Start of Dataset content

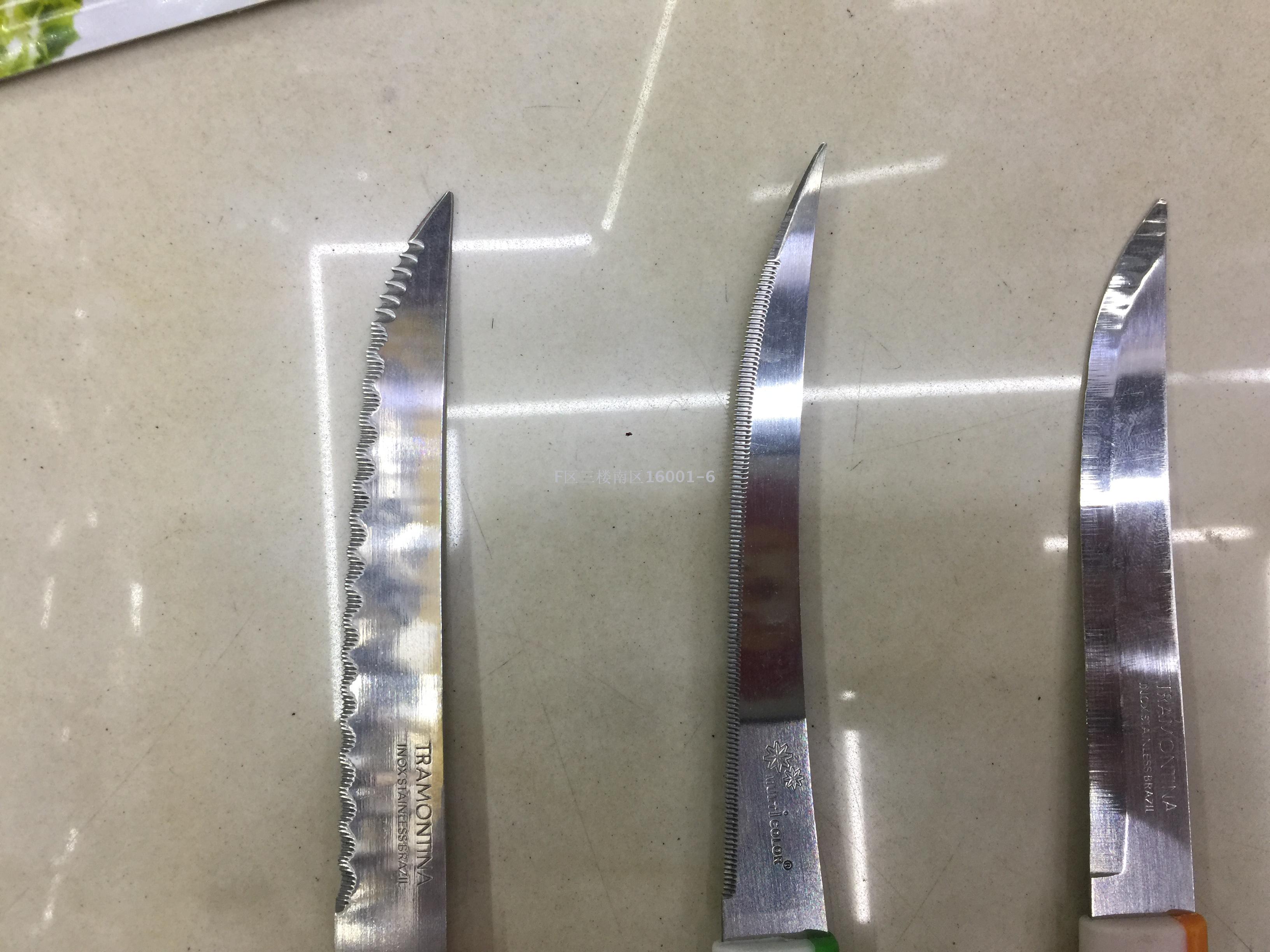 MULTICOLOR 12PCS吸卡牛排刀三色混装好质量利口粗牙细牙KG03 投诉
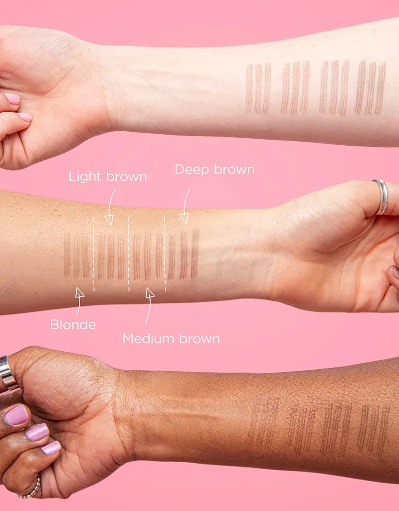 Brow Microfilling Pen je dostupný v 4 přirozených odstínech. Tyto odstíny byly navrženy tak, aby perfektně seděly na všechny odstíny obočí – od světlého, přes střední odstíny až po tmavé obočí. Dané odstíny se přizpůsobí Vašemu tónu pleti, ať již má Vaše pleť teplý nebo studený podtón.
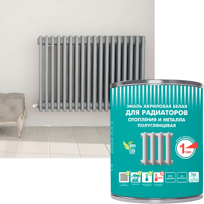 Полуматовая эмаль для окрашивания предварительно подготовленных поверхностей радиаторов и труб отопления, а также металлических, минеральных и деревянных поверхностей внутри и снаружи помещений.

End of Dataset content

Task details
Return exactly the lines starting at the line with "Brow Microfilling Pen" and ending at the last line of the listing, both ends included; pictures are to be left out.

Task result
 Brow Microfilling Pen je dostupný v 4 přirozených odstínech. Tyto odstíny byly navrženy tak, aby perfektně seděly na všechny odstíny obočí – od světlého, přes střední odstíny až po tmavé obočí. Dané odstíny se přizpůsobí Vašemu tónu pleti, ať již má Vaše pleť teplý nebo studený podtón.
 Полуматовая эмаль для окрашивания предварительно подготовленных поверхностей радиаторов и труб отопления, а также металлических, минеральных и деревянных поверхностей внутри и снаружи помещений.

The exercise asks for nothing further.